T.I.M: HIS INTELLIGENCE IS ARTIFICIAL. THE THREAT IS REAL.
PRESS RELEASE:
Stigma Films are excited to announce that T.I.M. starring Georgina Campbell (BARBARIAN, BIRD BOX BARCELONA), Eamon Farren (THE WITCHER) and Mark Rowley (THE LAST KINGDOM) will be available to watch on Netflix UK from 1st August 2023. This twisty and sophisticated thriller is comedian turned writer-director Spencer Brown’s debut feature following his multi-award-winning short film, The Boy with a Camera for a Face. His co-writer and spouse, Sarah Govett, is the award-winning author of sci-fi trilogy, The Territory. T.I.M. was inspired by their mutual love of 90s stalker-thrillers and fear of A.I. and Big Data. The film eschews the polar tropes of British film – kitchen sink ‘grittiness’ and chocolate box charm – to present a truly modern Britain, its sleekness and setting recalling contemporary classics such as The Invisible Man. The film is produced by Matthew James Wilkinson and Patrick Tolan. Altitude Films are on board as the sales agent.

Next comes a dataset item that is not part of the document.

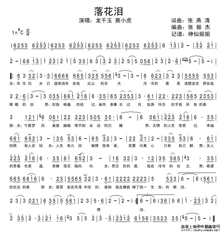 作词:张燕清   作曲:张振杰   演唱(奏):龙千玉、 蔡小虎   格式:简谱   来源:神仙姐姐记谱   上传:神仙姐姐   日期:2012-01-05   浏览次数:

T.I.M. follows Abi, a robotics engineer, as she moves to the countryside to work for a tech firm that’s developing an A.I. manservant: T.I.M. She is hoping the new job will be a fresh start, allowing her to rebuild her relationship with her husband following his affair, and start a family. As a perk of the job, Abi is given her own prototype T.I.M. She’s thrilled. After all, they’re meant to change your life. However, T.I.M. quickly becomes obsessed with her. He will do anything he can to take her husband’s place, using his access to their data to manipulate her into thinking her husband is straying again. What hope does trust have against an intelligence that can deep fake your voice, access your bank account, control the locks on your smart home and take control of your driverless car?
T.I.M. delves into our fear of A.I. – tech companies racing ahead, wanting to be first to market, when even they admit they don’t know exactly what they’re unleashing on the world. And whether it will destroy us. As Geoffrey Hinton, the Godfather of A.I. recently said in an interview: ‘Imagine a household robot where you could tell it what to do and it can do things. That household robot will be a lot smarter than you. Are you confident it would keep doing what you told it to?’